Antimicrobial Resistance: Causes, Types & Examples

Instructor: Amanda Robb

Amanda holds a Masters in Science from Tufts Medical School in Cellular and Molecular Physiology. She has taught high school Biology and Physics for 8 years.

In this lesson, we'll be exploring the important topic of antimicrobial resistance. We'll cover what is causing this global problem and explore types and examples of antimicrobial resistance.

What Is Antimicrobial Resistance?

Prior to the 1930s, a simple bacteria infection could be deadly. Soldiers with battle wounds from World War I were at the mercy of bacteria. Wounds festered and infection spread. This all changed in 1928 when Dr. Alexander Fleming discovered penicillin, a type of antibiotic. This chemical was naturally produced by fungi and killed bacteria. Today, bacterial infections are treated with a range of antibiotics and are easily cleared up by your physician.

Similarly, medications have been developed to combat other microbes or microscopic organisms, such as viruses, parasites and fungi. But as we wage our war on microbes, microbes fight back. Most microbes reproduce very quickly due to their small size. To understand how this strategy helps them evade our antimicrobial drugs, or drugs that kill microbes, let's go back and review cell reproduction.

Every time a cell needs to divide it must copy its DNA. When doing this, sometimes mutations occur that change the DNA. These mutations can sometimes be beneficial and confer resistance to the antimicrobials. When the microbes are exposed to antimicrobials all of the microbes die, except the ones with genes for antimicrobial resistance. These microbes survive and reproduce and soon the entire population is antimicrobial resistant.

Types of Antimicrobials


Bacteria are killed by a specific type of antimicrobial called antibiotics. Antibiotic resistance is a becoming major medical crisis in the world. In addition to random mutations, bacteria have another way to acquire antibiotic resistance, called plasmids. Plasmids are small circular pieces of DNA outside the genome. Often plasmids contain genes for antibiotic resistance and toxins. Bacteria trade these plasmids like collectors cards, swapping genes that increase illness. One bacteria with a plasmid for antibiotic resistance can quickly spread it to the rest of a population.

The emergence of antibiotic resistance is a product of human behavior. The more antibiotics are used, the more bacteria become resistant to them. For example, antibiotics are often prescribed for viral infections, in which they do not work. Livestock are treated with antibiotics to prevent infections. Even hand soaps contain antibiotics! The more we use antibiotics, the more resistance will emerge.

Example: MRSA

One of the most famous examples of antibiotic resistance is methicillin-resistant Staphylococcus aureus (MRSA). This so called super-bug is resistant to many antibiotics and has become a major issue in health care.

MRSA is resistant to many types of antibiotics

MRSA causes staph infections, which usually infect the skin but can spread to other parts of the body as well, causing sepsis and eventually death. It can be very difficult to treat due to antibiotic resistance. MRSA is a rampant cause of secondary infections in hospitals, and can also be found in communities where people share towels, mats, equipment or have other skin to skin contact.


Viruses are non-living infectious particles that cause disease. These pathogens require a host cell to reproduce. Once inside, they infect host cells and hijack the host cell machinery, forcing the cell to make more viruses. Viruses reproduce incredibly quickly, much faster than cells. The faster the virus reproduces, the greater the chances of it acquiring a mutation for antiviral resistance. Thus, viruses acquire resistance much faster than bacteria.

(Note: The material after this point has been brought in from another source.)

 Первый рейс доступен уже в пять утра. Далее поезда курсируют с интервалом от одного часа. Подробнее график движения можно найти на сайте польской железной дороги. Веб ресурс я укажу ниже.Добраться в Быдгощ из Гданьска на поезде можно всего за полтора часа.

Human immunodeficiency virus (HIV) infects immune cells called T-cells. Left untreated it can destroy the immune system, making the patient susceptible to other infections. HIV patients often die of secondary infections like pneumonia. HIV is tricky because it accumulates mutations faster than other types of viruses, meaning it can quickly evolve antiviral resistance.

HIV shown in yellow infects a T-cell shown in blue

As the virus evolves, the originally prescribed antiviral drugs can no longer control the infection, and HIV starts to take hold again. Antiviral resistance sometimes allows HIV to become resistant to all antivirals in a particular class, even if the person has never taken them. Strict adherence to medication is one way to help prevent antiviral resistance.

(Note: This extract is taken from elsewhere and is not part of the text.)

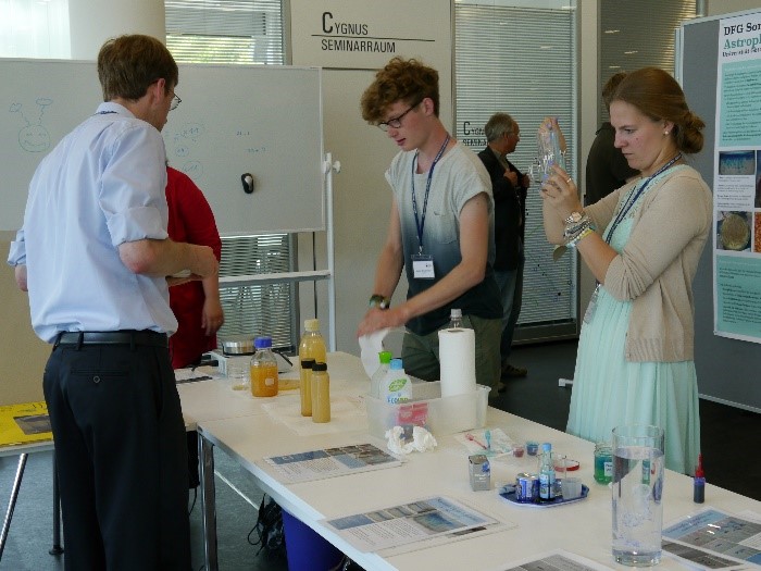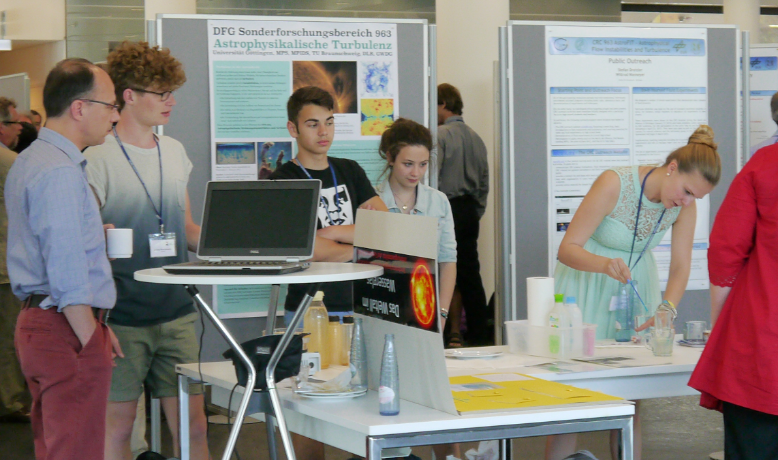 Manchmal braucht eine Information ein bisschen länger, ehe sie den Auftritt im Licht der Öffentlichkeit wagt und deshalb war es bereits im letzten Jahr, als unsere Oberstufenschülerinnen und – Schüler Julius, Marten, Dimitrios, Lea und Carolin (alle Q2) Experimente zur Fluiddynamik des Sonderforschungsbereichs „Astrophysikalische Strömungsinstabilitäten und Turbulenz“ (SFB963) am Max-Planck-Institut für Sonnensystemforschung vorstellten. Dabei erklärten sie, wie diese Experimente im Unterricht zum Beispiel im letztjährigen mathematisch-naturwissenschaftlichen Vorkurs unter ihrer Mitwirkung zum Einsatz kamen. Bereits vor Ort erhielten sie einige sehr erfreuliche Rückmeldungen. Die teilnehmenden Wissenschaftler waren beeindruckt von dem Enthusiasmus, mit dem die Schülerinnen und Schüler die Experimente durchführten und kompetent erklärten.

Unlike the tiny HIV particles, parasites are much larger. They can range from a single cell to macroscopic multicellular organisms. Parasites are organisms that depend on a host for nutrients and are harmful to the host.


Malaria is the most common parasitic infection in the world and is responsible for hundreds of thousands of death each year, particularly in sub-Saharan Africa. Malaria is caused by four members of Plasmodium species. These parasites are transmitted through mosquito bites.